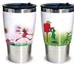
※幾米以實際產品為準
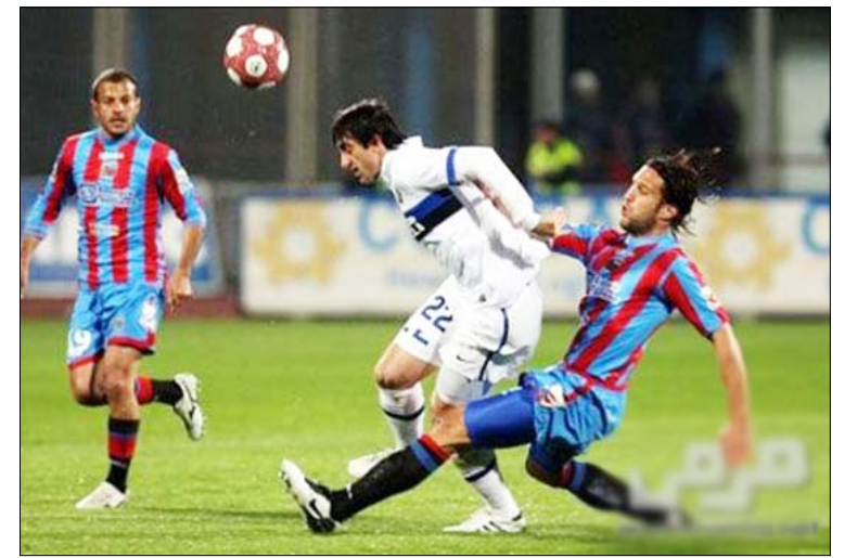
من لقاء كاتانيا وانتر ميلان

........

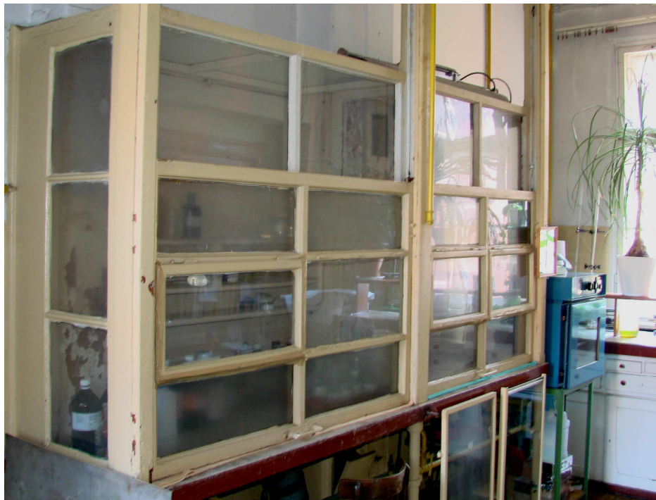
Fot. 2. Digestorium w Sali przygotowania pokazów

........

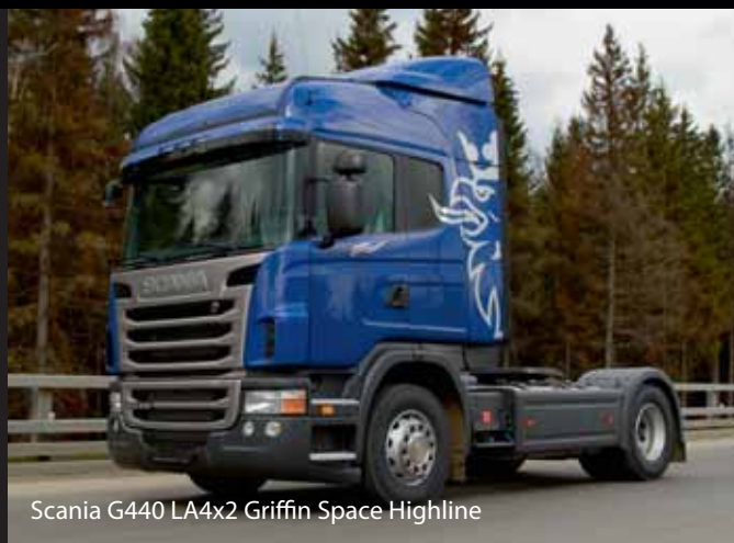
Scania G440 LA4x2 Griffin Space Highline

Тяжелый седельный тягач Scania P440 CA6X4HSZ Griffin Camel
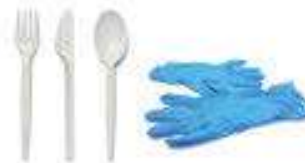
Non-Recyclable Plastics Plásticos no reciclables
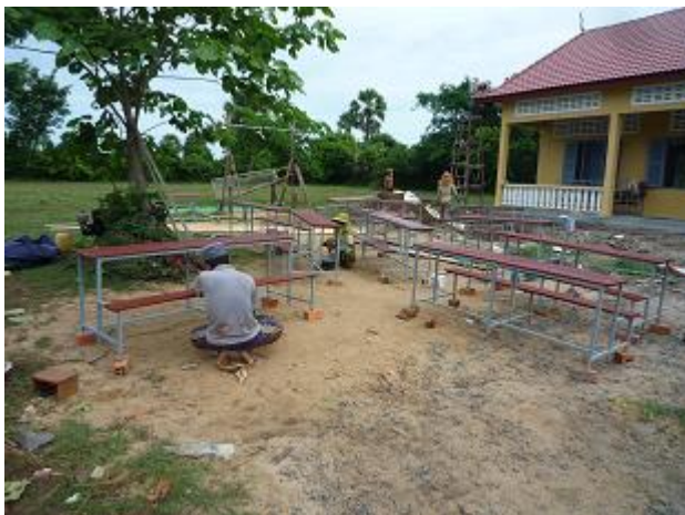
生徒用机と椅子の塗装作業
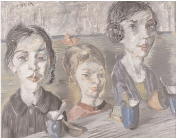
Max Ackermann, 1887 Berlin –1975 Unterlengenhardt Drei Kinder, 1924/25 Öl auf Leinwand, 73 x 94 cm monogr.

........

### What to do
Return only the stretch above from the line containing "Тяжелый седельный тягач" through the line containing "Max Ackermann, 1887", word for word and without pictures.

### Solution to this exercise
Тяжелый седельный тягач Scania P440 CA6X4HSZ Griffin Camel
Non-Recyclable Plastics Plásticos no reciclables
生徒用机と椅子の塗装作業
Max Ackermann, 1887 Berlin –1975 Unterlengenhardt Drei Kinder, 1924/25 Öl auf Leinwand, 73 x 94 cm monogr.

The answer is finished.